The California Exodus Accelerates

There’s lots of data, especially the comparison of rental rates for moving trucks into and out of California, to show the steady exodus of prosperous Californians and their businesses. The truck rental companies will almost give you a one-way truck to move from Texas to California, but charge a lot for a one-way truck from California elsewhere, which tells a lot.

A few years ago I was at a panel of business executives who bemoaned California’s high taxes and unfriendly regulatory environment, but who said their headquarters and major operations would stay put for the time being because they had long-term leases on building facilities, and as such it would cost more to move now than they’d save on lower costs elsewhere. But when those leases ran out. . .

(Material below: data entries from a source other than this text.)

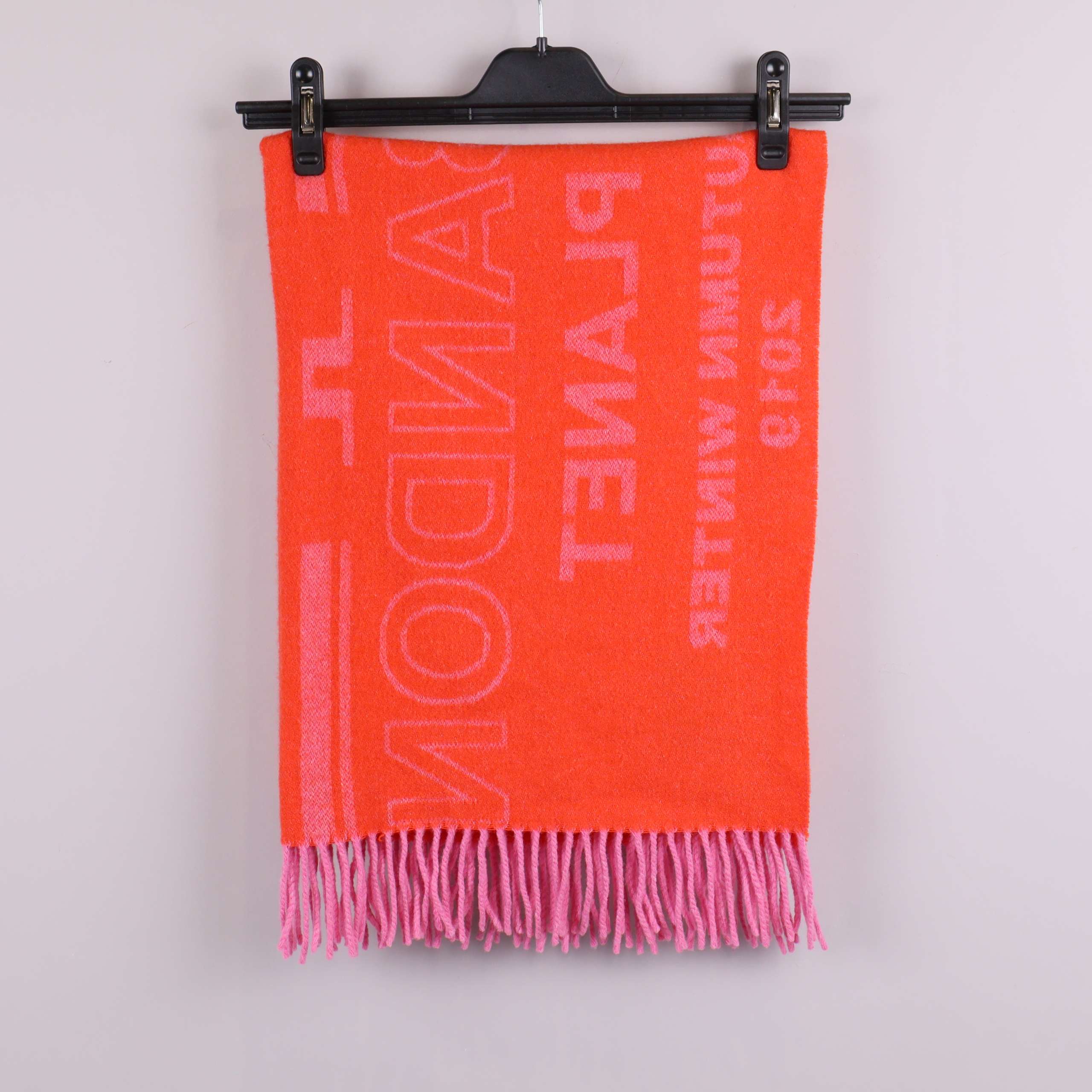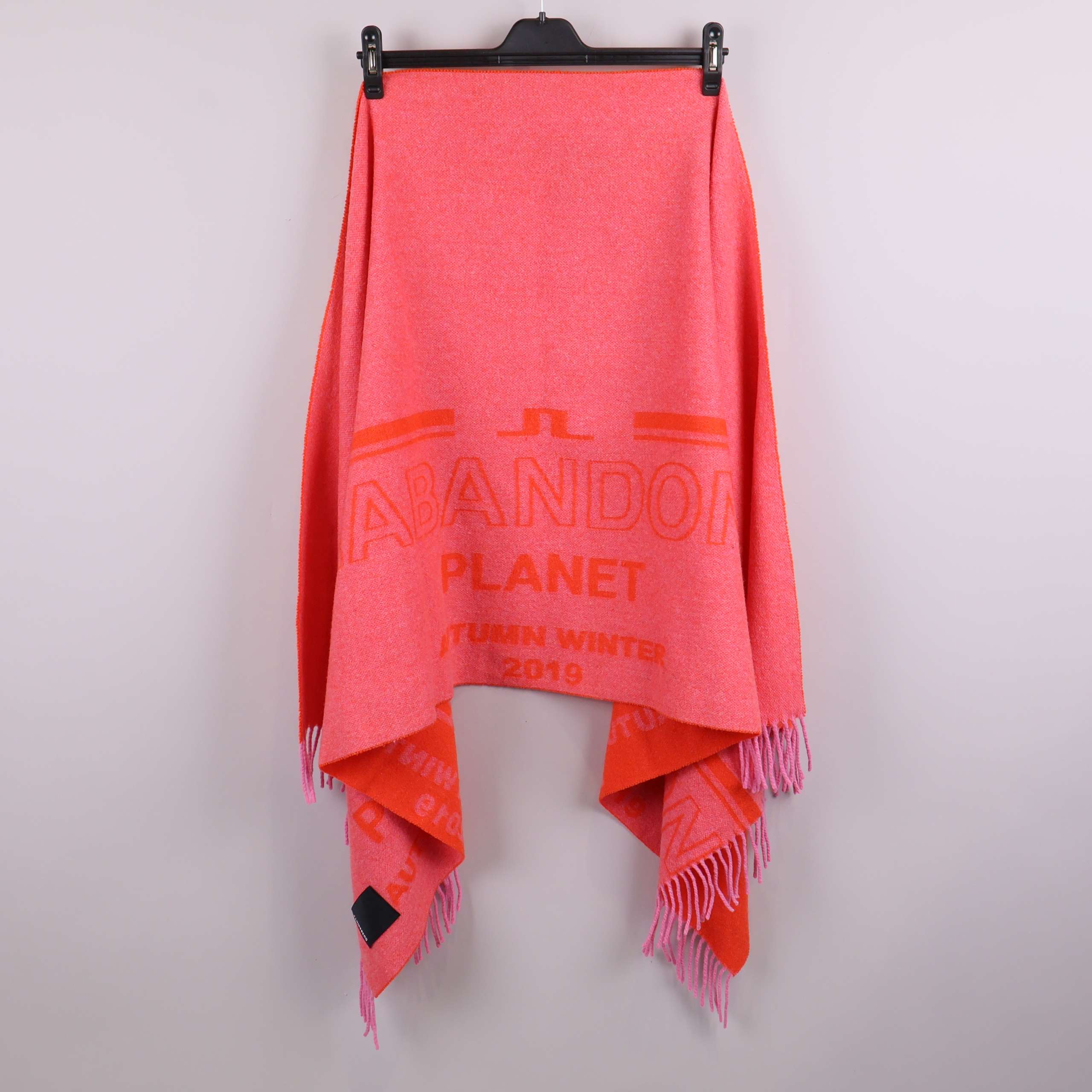 Färgstark halduk med två olika nyanser av rosa och orange samt dekorativa fransar. Stor tryckt text och JL-logo ger en modern touch tillsammans med den blickfångande färgkombon.
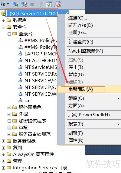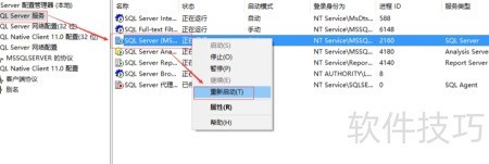 13、 进入SQL Server服务,选择SQL Server并执行重新启动操作。
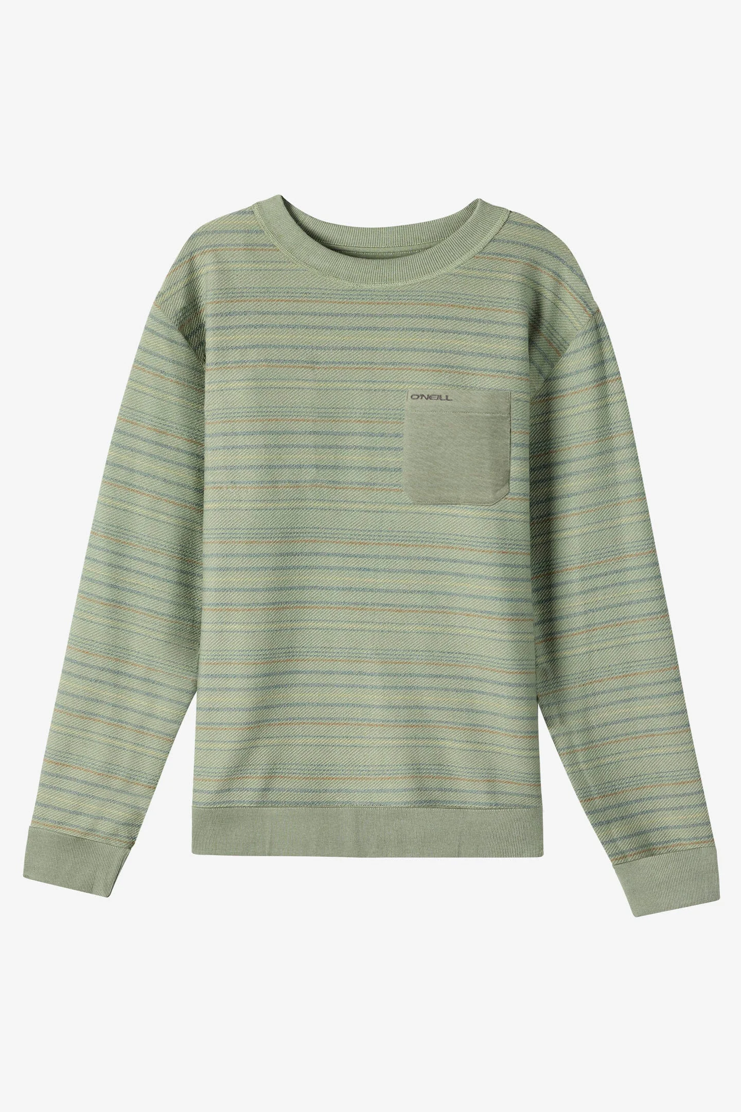 Easy to wear pullover crewneck sweatshirt that features a front colorblock pocket detail and soft french terry fabric feel. - Men's french terry crewneck sweatshirt - Standard Fit - Weight 280 GSM - Cotton poly french terry body - Chest pocket with stripes - Ribbed Collar, hem and cuffs - Side seam label - 60% Cotton, 40% Polyester SKU: FA5110101|SAG
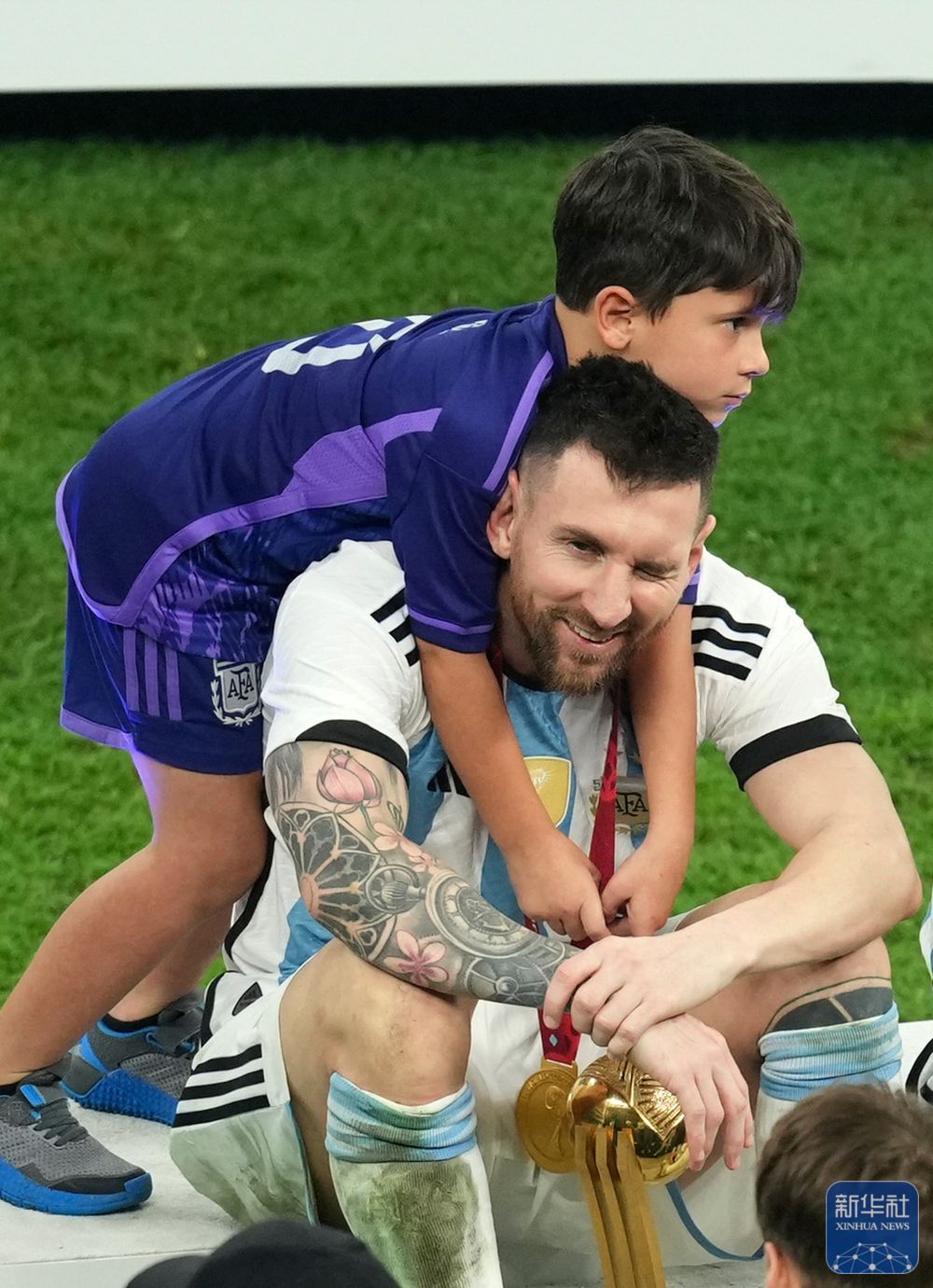 2022年12月18日,阿根廷队球员梅西(下)在卡塔尔世界杯夺冠后与孩子庆祝。新华社记者 潘昱龙 摄

One of the people who said that on this panel was Andrew F. Puzder, the CEO of CKE Restaurants, the parent company of Carl’s Jr. and Hardee’s. Carl’s was founded and grew up in California, but it looks like the leases are up. Yesterday’s announcement:

The parent company of Carl’s Jr., founded in Anaheim 60 years ago, is relocating its California headquarters to Nashville, Tenn.

Carpinteria-based CKE Restaurants, which also owns St. Louis-based Hardee’s, is consolidating both offices in Tennessee, where it has several company-owned restaurants. All senior executives, including Chief Executive Andrew F. Puzder will be moving to Nashville, Chief Marketing Officer Brad Haley said.

By the way, did I mention that Tennessee has no state income tax? Expect more of this over the next few years.